This is a webrtc, websockets and opencv experiment developed during a athega hackday.
Frames are captured from the web camera via webrtc and sent to the server over websockets. On the server the frames are processed with opencv and a json response is sent back to the client.
Sample json response:
{
"face": {
"distance": 428.53381034802453,
"coords": {
"y": "39",
"x": "121",
"height": "137",
"width": "137"
},
"name": "mike"
}
}
Everything except distance
is pretty self explanatory.
-
name
is the predicted name of the person in front of the camera. -
coords
is where the face is found in the image. -
distance
is a measurement on how accurate the prediction is, lower is better.
If we can't get a reliable prediction (10 consecutive frames that contains a face and with a distance lower than 1000) we switch over to training mode. In training mode we capture 10 images and send them together with a name back to the server for retraining. After the training has been completed we switch back to recognition mode and hopefully we'll get a more accurate result.
Make sure the dependencies are met.
- SQLite
- OpenCV with python bindings (I'm using the trunk version)
- Tornado
- PIL
- Peewee
- scikit-learn (for running the crossvalidation)
Create the database by issuing the following in the data folder sqlite3 images.db < ../db/create_db.sql
.
Download the AT&T face database and extract it to data/images
before the server is started.

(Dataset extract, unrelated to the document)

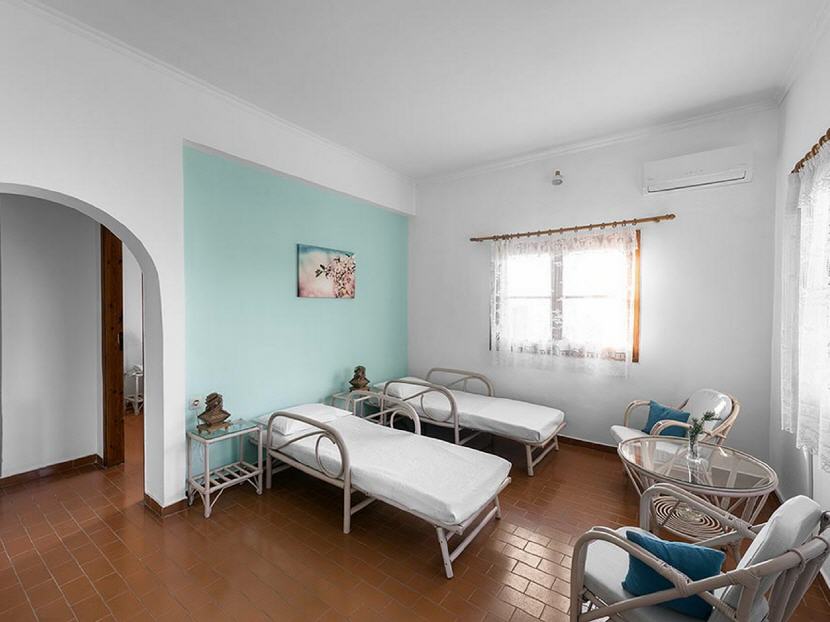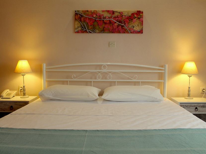 Lage: Völlig ruhig in einem großen Grundstück mit Oliven- und Pinienbäumen in Hanglage am Rande des netten Ortes Mavrovouni. Die Anlage liegt oberhalb des langgezogenen Sandstrandes, den man über eine kleine Seitenstraße erreicht. Entlang des Strandes finden Sie 3 Tavernen und eine Strandbar, in 1,5km Entfernung befindet sich eine Surfschule.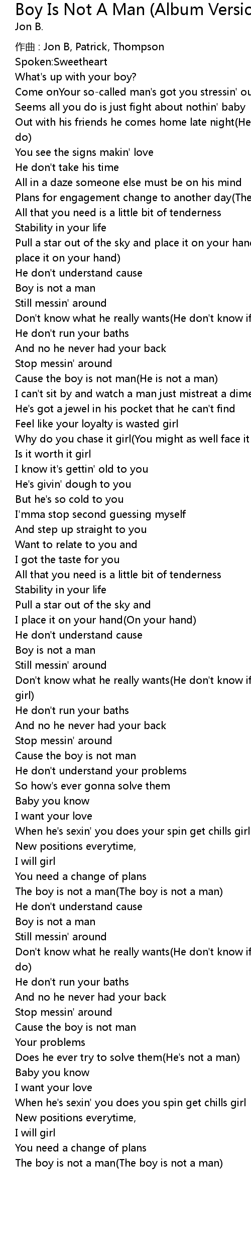 | Cause the boy is not man | |

This is needed to build the initial prediction model.
cd data
wget http://www.cl.cam.ac.uk/Research/DTG/attarchive/pub/data/att_faces.tar.Z
tar zxvf att_faces.tar.Z
mv att_faces images
Copy haarcascade_frontalface_alt.xml
from <path to opencv source>/data/haarcascades/
to the data folder.
Run with python server.py
and browse to http://localhost:8888 when the model has been trained.